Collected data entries
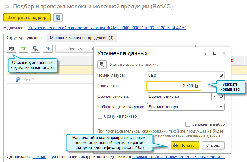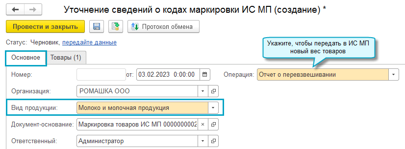 Для уточнения веса весовой молочной продукции используется документ "Уточнение сведений о кодах маркировки ИС МП" с указанием операции "Отчет о перевзвешивании". Операция доступна для товарных групп Молоко и молочная продукция и Молоко и молочная продукция (без ВетИС).
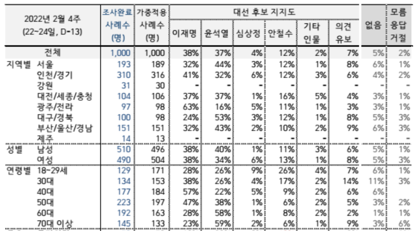 여론조사 기관인 (주)한국갤럽조사연구소는 주 단위로 정기조사를 통하여 대통령 선거, 정당지지도를 조사, 발표하고 있습니다. 최신 조사 결과로 2022년 2월 4주 차 결과가 발표되었습니다.
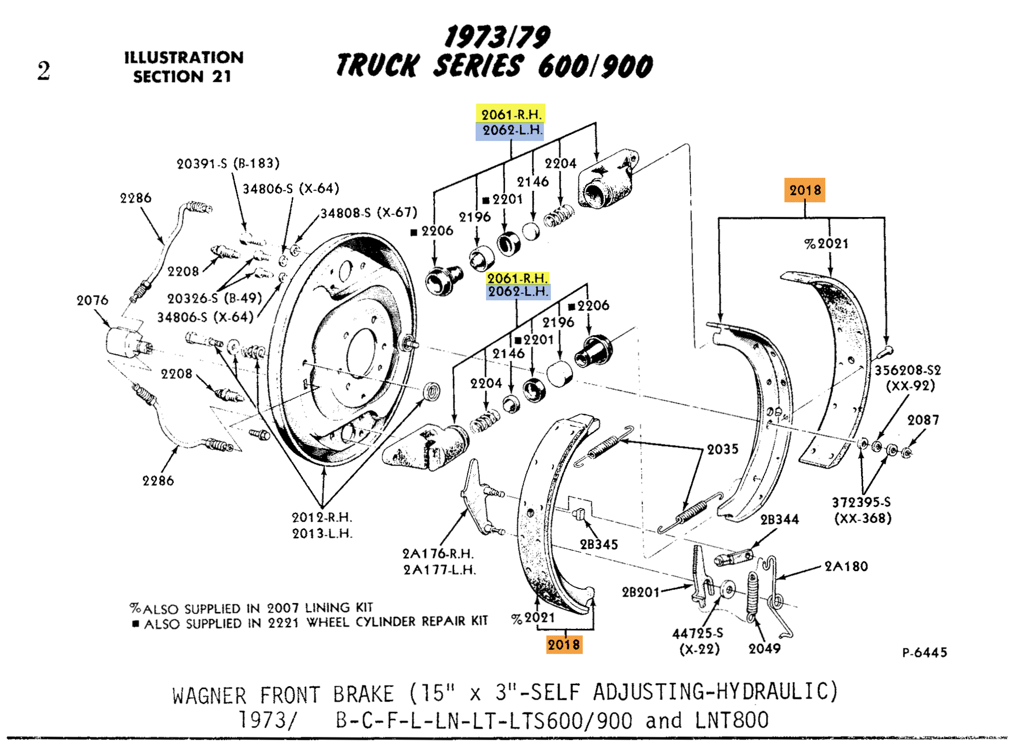 Wheel cylinder base number: 2061 (RH), 2062 (LH)
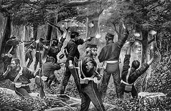 Less than three weeks later, on 7 September 1868, McDonnell returned to the Ngāti Ruanui heartland, this time determined to skirt Te Ngutu o Te Manu and first strike at another village to the east, Ruaruru, before returning to Te Ngutu. The plan went awry when his column of 360 men became disoriented in the forest, missing Ruaruru and approaching Te Ngutu from the north. Shots fired at the occupants of outlying huts warned Tītokowaru of the direction of McDonnell's approach, giving the chief time to organise his defence. He remained in the pā with 20 men and sent the remaining 40, in small groups, to hidden rifle pits in bush surrounding a clearing that led to the palisade, and possibly other positions within the clearing itself. McDonnell's force, attempting to storm the palisade, came under immediate and very heavy fire from front, right and rear, with troops "being knocked over like ninepins" by unseen marksmen.[1] Again the heart of the first soldier killed was cut from his body as a Hauhau war rite.[1][9] McDonnell hesitated, torn between advancing with further losses or retreating, watching as the inexperienced volunteer recruits from the Wellington Rangers and Rifles either bunched together and froze or panicked and fled.[9] McDonnell then gave the order to retreat, with casualties carried out first and McDonnell following with 80 men. Major Gustavus von Tempsky, near the palisade, was shot dead while awaiting orders, and four other officers – two captains and two lieutenants – were also killed. Tītokowaru's small attacking force was quickly reinforced by warriors from neighboring villages and McDonnell's retreat to Waihi came under relentless fire from Māori who followed them almost to the Waingongoro, inflicting further casualties.[1] The expedition left 24 Europeans killed and 26 wounded.[9]
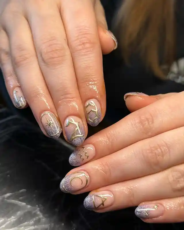These nails are like the gentle side of Aquarius energy. The gradient from nude to shimmery lilac feels really soft, and the tiny gold symbols, stars, and lines give it just the right amount of zodiac detail.
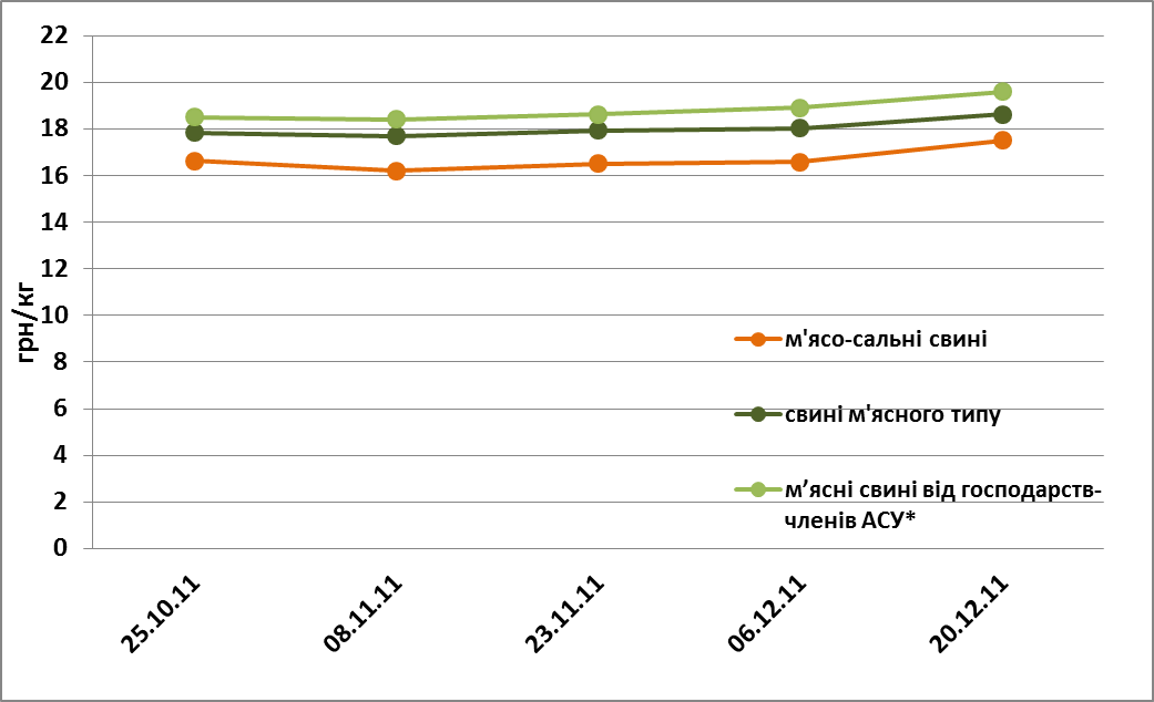 За період з 6 по 20 грудня цього року тривало зростання закупівельних цін на свиней усіх категорій. Зокрема, м’ясо-сальні свині подорожчали на 5,6% до 17,5 грн/кг. Свині м’ясного типу подорожчали на 3,2% і коштували 18,65 грн/кг. Найвищими були ціни на свиней від господарств АСУ. Такі свині подорожчали на 3,7% до 19,6%.
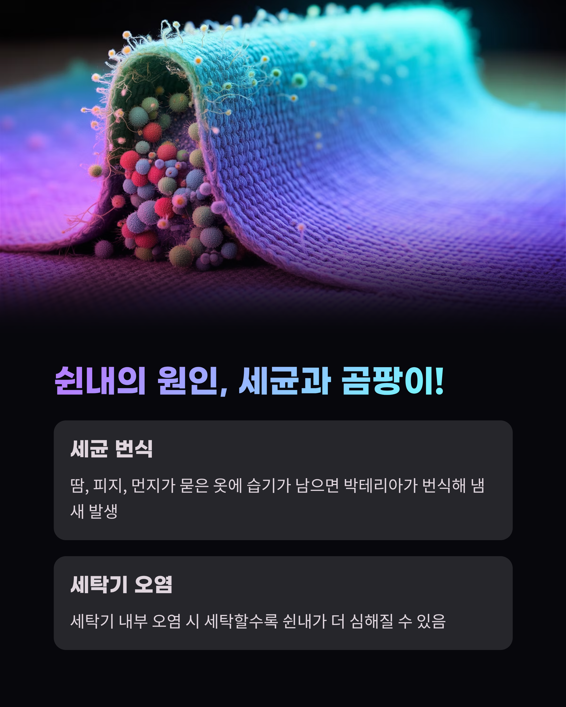빨래에서 나는 쉰내는 대부분 ‘세균’ 때문입니다. 땀, 피지, 먼지 등이 묻은 옷이나 수건에 습기가 남아있으면 박테리아가 번식하면서 냄새가 나요.
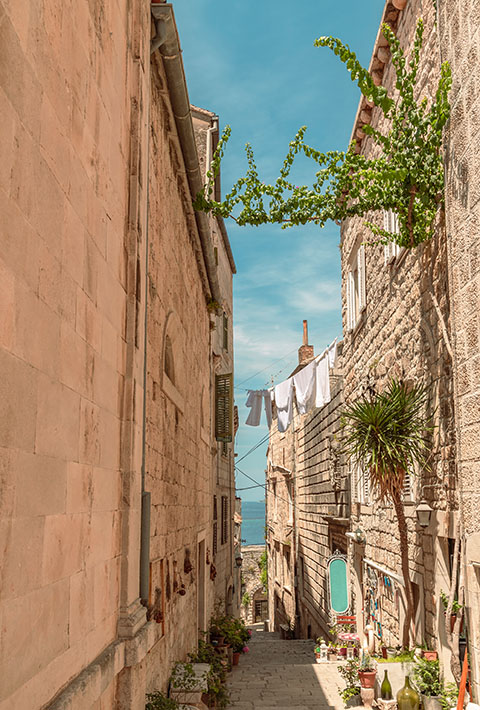 Just off the Dalmatian coast, you’ll find this island of thick forests, famous vineyards, and lines of olive groves.
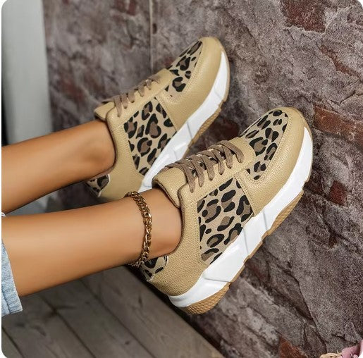 Embrace the perfect fusion of fashion and function with these striking sneakers. Crafted with advanced arch support. they are designed to ease pressure on your feet. minimizing discomfort in your heels and lower back. The bold leopard print infuses a touch of wild sophistication. ensuring these sneakers are a seamless blend of style and comfort.
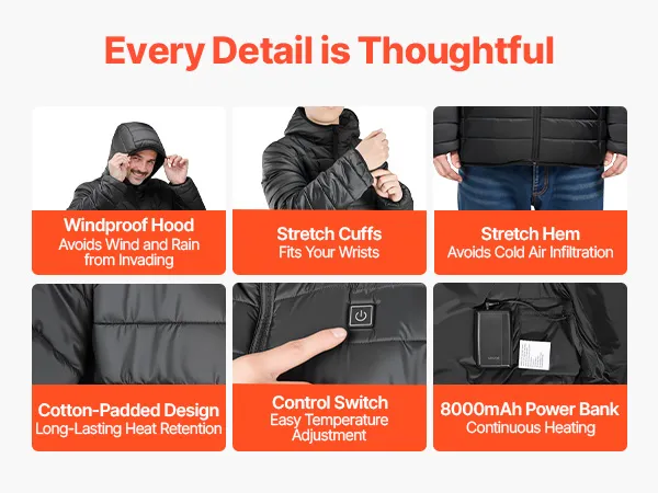 Adjustable hood, cuffs, and hem provide wind protection, while a simple one-button control and 8000mAh battery make this usb heated jacket perfect for everyday use.
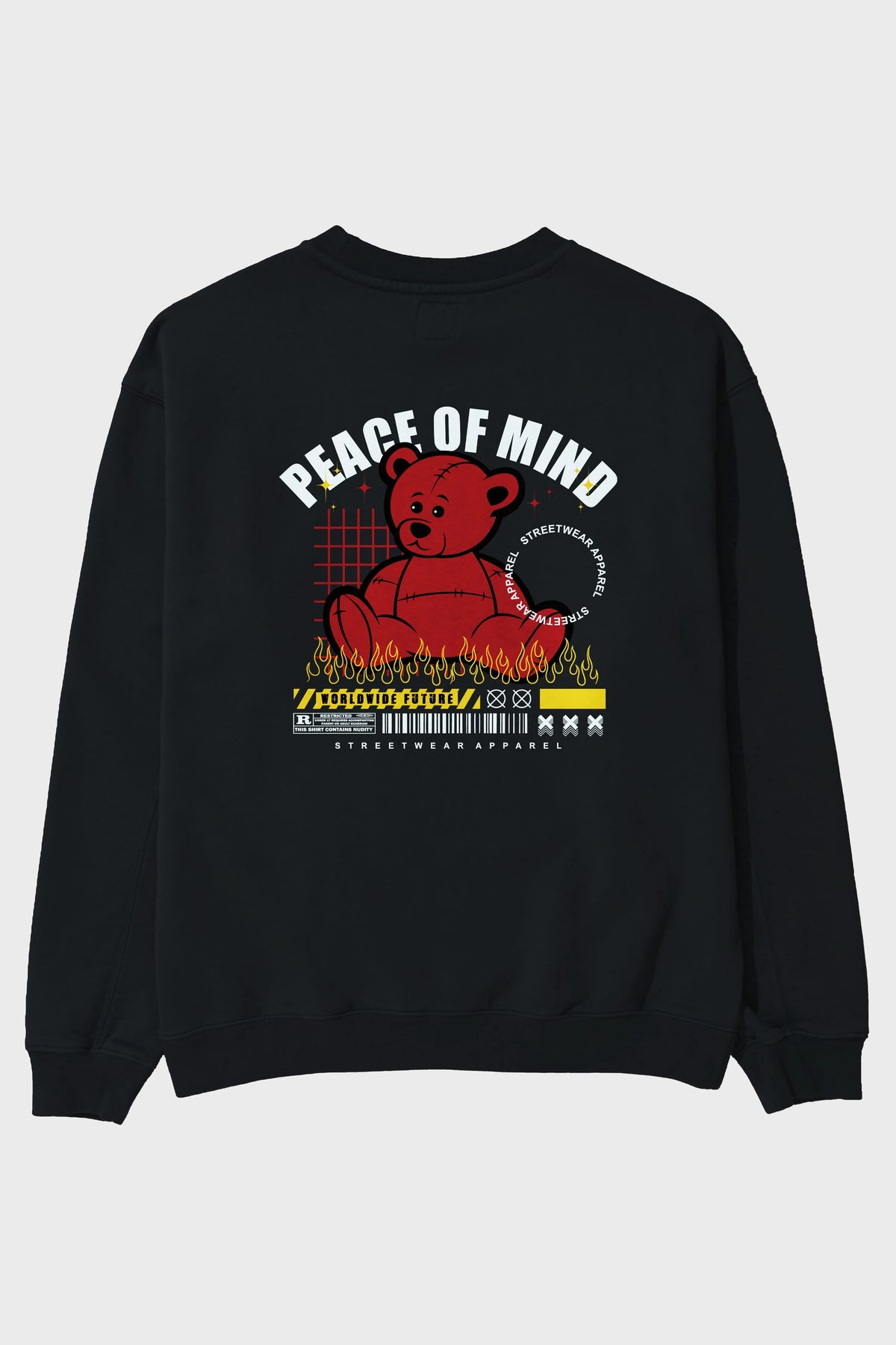 Teddy Bear Peace of Mind Arka Baskılı Oversize Sweatshirt Erkek Kadın Unisex
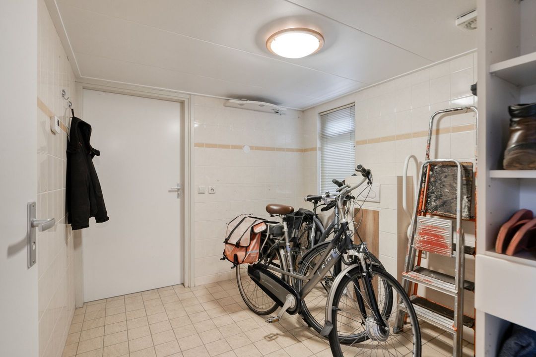 Aan de voorzijde bevindt zich een eigen parkeerplaats. Bij de voordeur is een handige inpandige berging aanwezig, ideaal voor fietsen of tuingereedschap.
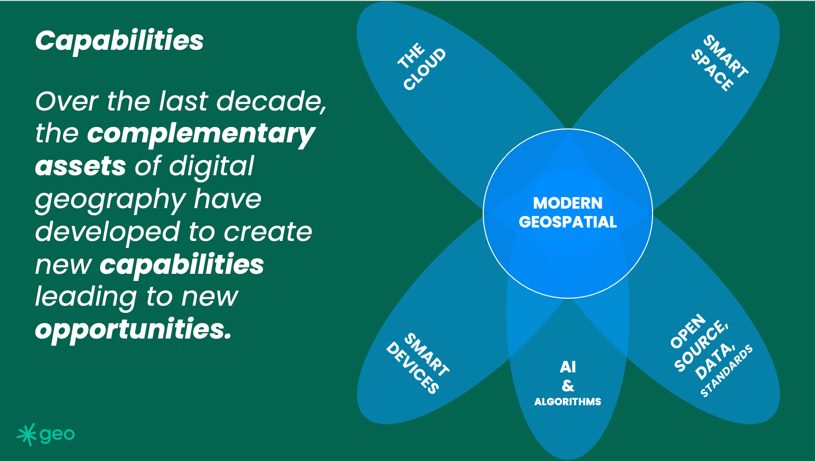 As I have stated numerous times, the geospatial community of practice has changed drastically in the last decade. However, is this change less obvious in some prominent corners of our industry? But clearly, the development and convergence of a series of complementary assets has resulted in a series of net new capabilities.
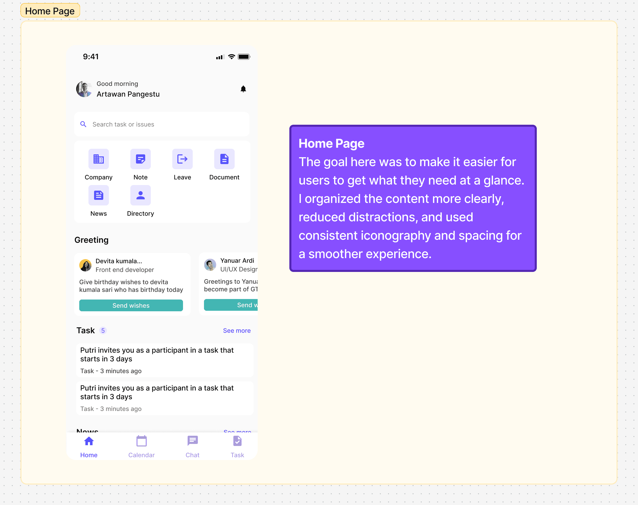 To improve the clarity, usability, and visual appeal of the app's core screens—enhancing HR productivity and providing a smoother user experience for daily task management and collaboration.
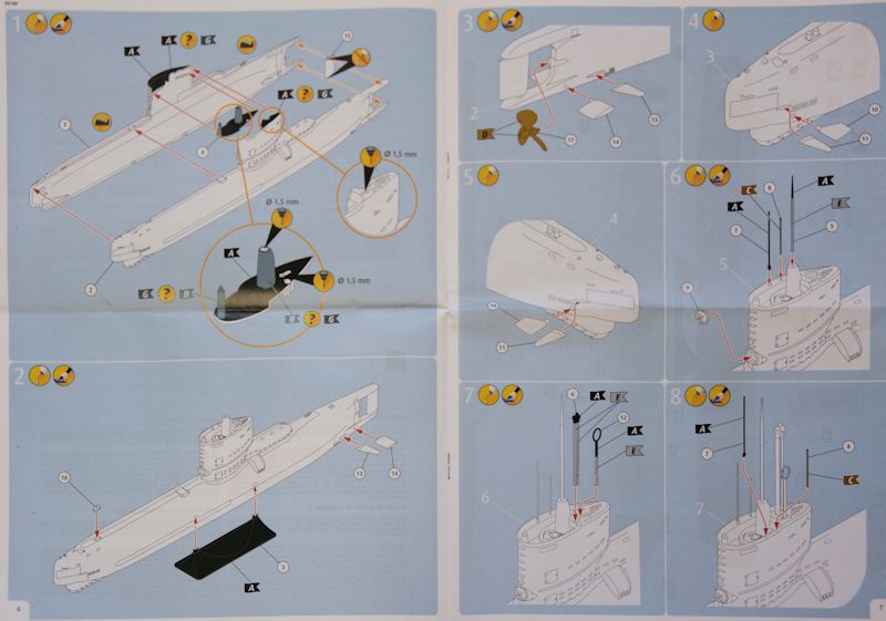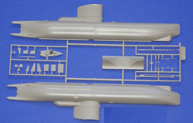 Die Bauteile sind sauber und fast ohne Grat aus grauem Plastik gegossen. Die Bauteile für den Rumpf sind mit schönen Oberflächendetails graviert. Die Sehrohre, Antennen usw. sind sehr fein gegossen und Vorsicht ist beim Abtrennen geboten. Sonst besteht das Risiko, dass man sie abbricht.

(Problem to solve): Drop the images and quote the entries word for word.

(Written reply):
 Для уточнения веса весовой молочной продукции используется документ "Уточнение сведений о кодах маркировки ИС МП" с указанием операции "Отчет о перевзвешивании". Операция доступна для товарных групп Молоко и молочная продукция и Молоко и молочная продукция (без ВетИС).
 여론조사 기관인 (주)한국갤럽조사연구소는 주 단위로 정기조사를 통하여 대통령 선거, 정당지지도를 조사, 발표하고 있습니다. 최신 조사 결과로 2022년 2월 4주 차 결과가 발표되었습니다.
 Wheel cylinder base number: 2061 (RH), 2062 (LH)
 Less than three weeks later, on 7 September 1868, McDonnell returned to the Ngāti Ruanui heartland, this time determined to skirt Te Ngutu o Te Manu and first strike at another village to the east, Ruaruru, before returning to Te Ngutu. The plan went awry when his column of 360 men became disoriented in the forest, missing Ruaruru and approaching Te Ngutu from the north. Shots fired at the occupants of outlying huts warned Tītokowaru of the direction of McDonnell's approach, giving the chief time to organise his defence. He remained in the pā with 20 men and sent the remaining 40, in small groups, to hidden rifle pits in bush surrounding a clearing that led to the palisade, and possibly other positions within the clearing itself. McDonnell's force, attempting to storm the palisade, came under immediate and very heavy fire from front, right and rear, with troops "being knocked over like ninepins" by unseen marksmen.[1] Again the heart of the first soldier killed was cut from his body as a Hauhau war rite.[1][9] McDonnell hesitated, torn between advancing with further losses or retreating, watching as the inexperienced volunteer recruits from the Wellington Rangers and Rifles either bunched together and froze or panicked and fled.[9] McDonnell then gave the order to retreat, with casualties carried out first and McDonnell following with 80 men. Major Gustavus von Tempsky, near the palisade, was shot dead while awaiting orders, and four other officers – two captains and two lieutenants – were also killed. Tītokowaru's small attacking force was quickly reinforced by warriors from neighboring villages and McDonnell's retreat to Waihi came under relentless fire from Māori who followed them almost to the Waingongoro, inflicting further casualties.[1] The expedition left 24 Europeans killed and 26 wounded.[9]
These nails are like the gentle side of Aquarius energy. The gradient from nude to shimmery lilac feels really soft, and the tiny gold symbols, stars, and lines give it just the right amount of zodiac detail.
 За період з 6 по 20 грудня цього року тривало зростання закупівельних цін на свиней усіх категорій. Зокрема, м’ясо-сальні свині подорожчали на 5,6% до 17,5 грн/кг. Свині м’ясного типу подорожчали на 3,2% і коштували 18,65 грн/кг. Найвищими були ціни на свиней від господарств АСУ. Такі свині подорожчали на 3,7% до 19,6%.
빨래에서 나는 쉰내는 대부분 ‘세균’ 때문입니다. 땀, 피지, 먼지 등이 묻은 옷이나 수건에 습기가 남아있으면 박테리아가 번식하면서 냄새가 나요.
 Just off the Dalmatian coast, you’ll find this island of thick forests, famous vineyards, and lines of olive groves.
 Embrace the perfect fusion of fashion and function with these striking sneakers. Crafted with advanced arch support. they are designed to ease pressure on your feet. minimizing discomfort in your heels and lower back. The bold leopard print infuses a touch of wild sophistication. ensuring these sneakers are a seamless blend of style and comfort.
 Adjustable hood, cuffs, and hem provide wind protection, while a simple one-button control and 8000mAh battery make this usb heated jacket perfect for everyday use.
 Teddy Bear Peace of Mind Arka Baskılı Oversize Sweatshirt Erkek Kadın Unisex
 Aan de voorzijde bevindt zich een eigen parkeerplaats. Bij de voordeur is een handige inpandige berging aanwezig, ideaal voor fietsen of tuingereedschap.
 As I have stated numerous times, the geospatial community of practice has changed drastically in the last decade. However, is this change less obvious in some prominent corners of our industry? But clearly, the development and convergence of a series of complementary assets has resulted in a series of net new capabilities.
 To improve the clarity, usability, and visual appeal of the app's core screens—enhancing HR productivity and providing a smoother user experience for daily task management and collaboration.
 Die Bauteile sind sauber und fast ohne Grat aus grauem Plastik gegossen. Die Bauteile für den Rumpf sind mit schönen Oberflächendetails graviert. Die Sehrohre, Antennen usw. sind sehr fein gegossen und Vorsicht ist beim Abtrennen geboten. Sonst besteht das Risiko, dass man sie abbricht.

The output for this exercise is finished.